▸ Description of the task
When you reach the line below that has "Presentació del club", start returning lines exactly, and stop after the line that has "der Sitz des zukünftigen OB"; skip the pictures.

▸ Data
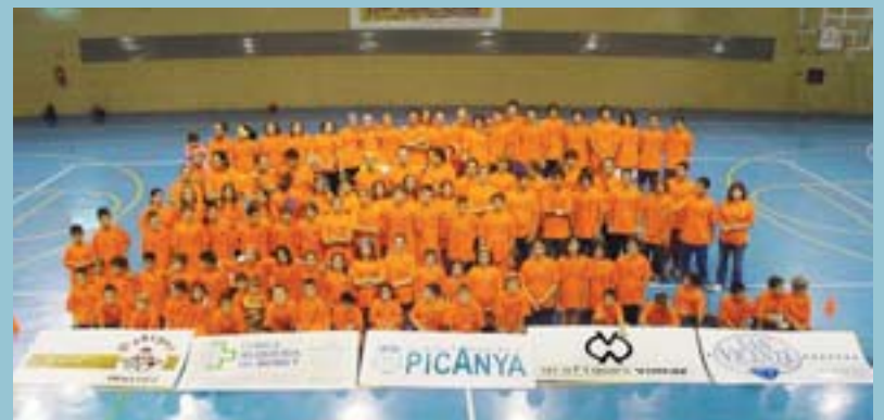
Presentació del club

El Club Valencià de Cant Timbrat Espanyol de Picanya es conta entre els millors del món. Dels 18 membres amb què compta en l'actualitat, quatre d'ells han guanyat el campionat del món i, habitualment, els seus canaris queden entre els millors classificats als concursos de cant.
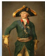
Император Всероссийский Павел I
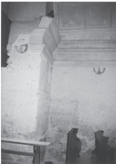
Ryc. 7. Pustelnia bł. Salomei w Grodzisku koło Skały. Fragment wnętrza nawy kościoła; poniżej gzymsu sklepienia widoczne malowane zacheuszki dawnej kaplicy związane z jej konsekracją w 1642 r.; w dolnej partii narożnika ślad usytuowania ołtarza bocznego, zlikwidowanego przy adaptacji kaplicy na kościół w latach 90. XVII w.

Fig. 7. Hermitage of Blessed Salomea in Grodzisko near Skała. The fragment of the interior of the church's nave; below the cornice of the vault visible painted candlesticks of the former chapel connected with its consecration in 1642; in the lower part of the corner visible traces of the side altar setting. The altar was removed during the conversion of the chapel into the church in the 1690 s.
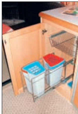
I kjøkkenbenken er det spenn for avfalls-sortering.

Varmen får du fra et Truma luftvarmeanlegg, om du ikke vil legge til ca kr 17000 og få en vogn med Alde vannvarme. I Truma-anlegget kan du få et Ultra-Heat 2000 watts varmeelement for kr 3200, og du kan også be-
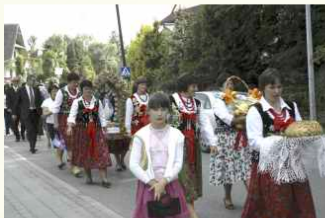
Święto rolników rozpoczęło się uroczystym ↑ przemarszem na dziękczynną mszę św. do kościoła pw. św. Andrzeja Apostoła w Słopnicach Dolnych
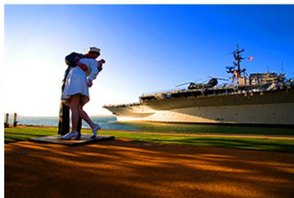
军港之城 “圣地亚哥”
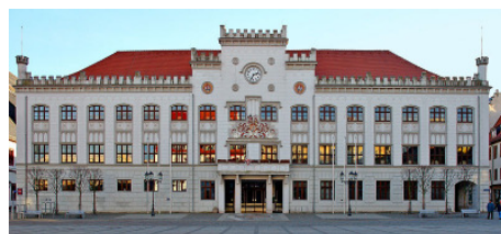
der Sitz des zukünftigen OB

--

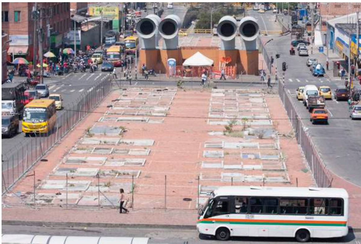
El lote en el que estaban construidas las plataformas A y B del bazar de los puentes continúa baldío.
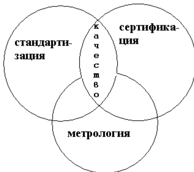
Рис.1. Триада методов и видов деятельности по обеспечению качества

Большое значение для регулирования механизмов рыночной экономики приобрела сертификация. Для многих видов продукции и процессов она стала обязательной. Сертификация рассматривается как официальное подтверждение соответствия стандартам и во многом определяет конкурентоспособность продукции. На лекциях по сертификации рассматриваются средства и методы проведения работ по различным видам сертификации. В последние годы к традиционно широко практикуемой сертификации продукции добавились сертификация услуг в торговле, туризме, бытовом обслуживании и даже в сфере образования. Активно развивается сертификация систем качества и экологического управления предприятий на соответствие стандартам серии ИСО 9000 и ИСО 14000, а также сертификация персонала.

▸ Answer
Presentació del club

El Club Valencià de Cant Timbrat Espanyol de Picanya es conta entre els millors del món. Dels 18 membres amb què compta en l'actualitat, quatre d'ells han guanyat el campionat del món i, habitualment, els seus canaris queden entre els millors classificats als concursos de cant.
Император Всероссийский Павел I
Ryc. 7. Pustelnia bł. Salomei w Grodzisku koło Skały. Fragment wnętrza nawy kościoła; poniżej gzymsu sklepienia widoczne malowane zacheuszki dawnej kaplicy związane z jej konsekracją w 1642 r.; w dolnej partii narożnika ślad usytuowania ołtarza bocznego, zlikwidowanego przy adaptacji kaplicy na kościół w latach 90. XVII w.

Fig. 7. Hermitage of Blessed Salomea in Grodzisko near Skała. The fragment of the interior of the church's nave; below the cornice of the vault visible painted candlesticks of the former chapel connected with its consecration in 1642; in the lower part of the corner visible traces of the side altar setting. The altar was removed during the conversion of the chapel into the church in the 1690 s.
I kjøkkenbenken er det spenn for avfalls-sortering.

Varmen får du fra et Truma luftvarmeanlegg, om du ikke vil legge til ca kr 17000 og få en vogn med Alde vannvarme. I Truma-anlegget kan du få et Ultra-Heat 2000 watts varmeelement for kr 3200, og du kan også be-
Święto rolników rozpoczęło się uroczystym ↑ przemarszem na dziękczynną mszę św. do kościoła pw. św. Andrzeja Apostoła w Słopnicach Dolnych
军港之城 “圣地亚哥”
der Sitz des zukünftigen OB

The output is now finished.